Point of view is not just a technical choice
I want to make an argument that I think gets underdiscussed in craft conversations. Point of view is a philosophical commitment, not a technical one. When you choose first person, you are committing to the epistemological limits of a single consciousness. When you choose close third, you are committing to a particular kind of irony - the reader knows something the narrator doesn't quite. When you choose omniscient, you are assuming a position of authority that demands you earn it. The failure mode I see most in collaborative writing here: people contribute chapters that drift POV without realising the drift has meaning. They switch from close third to a brief omniscient moment to give the reader information the POV character can't have, and they treat this as a technical shortcut rather than a change of contract with the reader. This matters doubly in collaborative writing because whoever writes the first chapter sets the contract. If Chapter 1 is tightly limited third - we know only what the protagonist knows - then a Chapter 3 that suddenly reveals what the antagonist is thinking has broken the rules of the world. Before you contribute to a story in book format, identify: 1. What does the POV character know that other characters don't? 2. What does the reader know that the POV character doesn't? 3. What does nobody in the story know yet? Those three gaps are where your chapter lives.

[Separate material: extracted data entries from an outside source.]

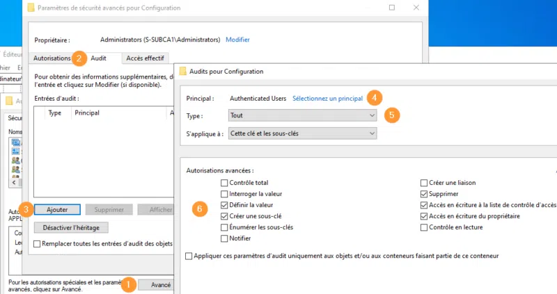 Pour les deux types d'autorité, il nous faut ajouter directement depuis regedit, l'audit sur les entrées de registres AD CS sous :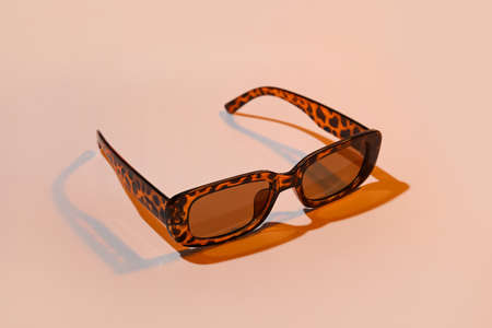 Glasses for vision. Stylish women's glasses of leopard color on a figured light background. Women's accessories.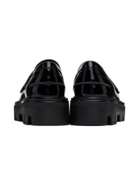 Handcrafted crinkled patent leather loafers in black. · Moc toe · Strap with cutout at vamp · Pinched seam and stitch detailing at heel counter · Antimicrobial cushioned OrthoLite® Lazy™ insole · Buffed leather and suede lining · Serrated edge at welt · Textured rubber platform midsole · Lugged rubber sole · Platform: H1.75" Supplier color: Black patent Upper: leather. Sole: rubber. Made in Viet Nam 242055F121006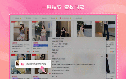 操作路径:鼠标悬停目标商品图片→点击【搜图片】按钮/右键选择【通过搜款网搜索图片】 核心功能使用说明: 搜款网找款助手插件可显著提升采购决策效率与市场竞争力,是电商从业者提升选品效率的实用辅助工具,希望成为您的贴心生意伙伴,帮助您提升采购效率。 2.标题精准匹配 1.图片智能检索 支持在淘宝、天猫、京东、1688等主流电商平台实现精准货源检索,主要应用于断货替代、爆款分析、价格比对等核心场景。 搜款网找款助手插件(官方平台:vvic.com),是搜款网为电商从业者打造的智能选品工具,是一款专为电商买手及商家设计的浏览器扩展工具,旨在通过图片或标题快速匹配同款或相似货源。 操作路径:拖选商品标题文字→右键选择【通过搜款网搜索内容】 其核心功能包括精准匹配图片及标题搜索、覆盖全网主流电商平台、快速定位批发市场货源,帮你快速找到源头好货。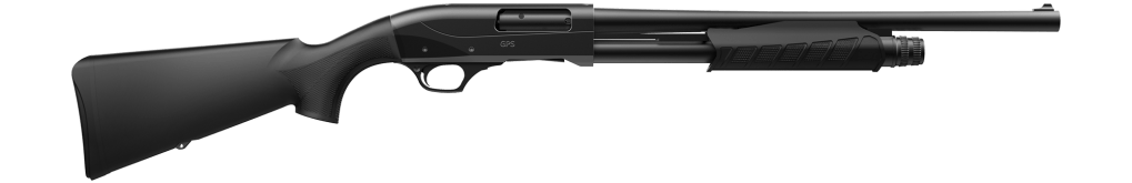 Escopeta de Bomba de un cañon marca RETAY modelo GPS X, Calibre 12, Cañon de 71 cm, Acabado sintetico negro, Cinta ventilada, con accesorios.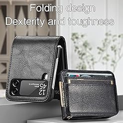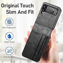 [Premium Leather & Slim Design]: Made of high-quality PU leather, this Z Flip4 case with card holder is lightweight, anti-scratch, waterproof, and anti-fingerprint, ensuring durability while maintaining a sleek look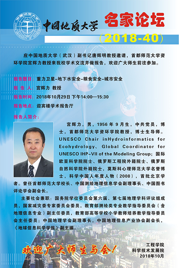 [10月29]名家论坛:首都师范大学资环学院宫辉力教授学术报告

On writing characters who are smarter than you are
This comes up a lot in workshops and I want to give it a serious answer because the usual advice ("just fake it") is not helpful. When you write a genius character - a chess grandmaster, a quantum physicist, a criminal mastermind - you are not writing their intelligence. You are writing its effects. The genius sees the board differently. You don't need to understand every move; you need to understand that everyone else is three moves behind and show us that gap. Practical techniques: 1. Research the domain enough to know what the questions are, not necessarily the answers. Your genius character asks better questions than other people. 2. Let the genius be wrong about things outside their domain. Sherlock Holmes is rubbish at normal human interaction. This isn't a weakness in the character - it's what makes the intelligence feel real. 3. Write the other characters's reactions to the genius. We understand that someone is exceptional by watching others fail to keep up. 4. The genius should have a blindspot the reader can see but the character cannot. This is where your story actually lives. What domains have people found hardest to write intelligence in?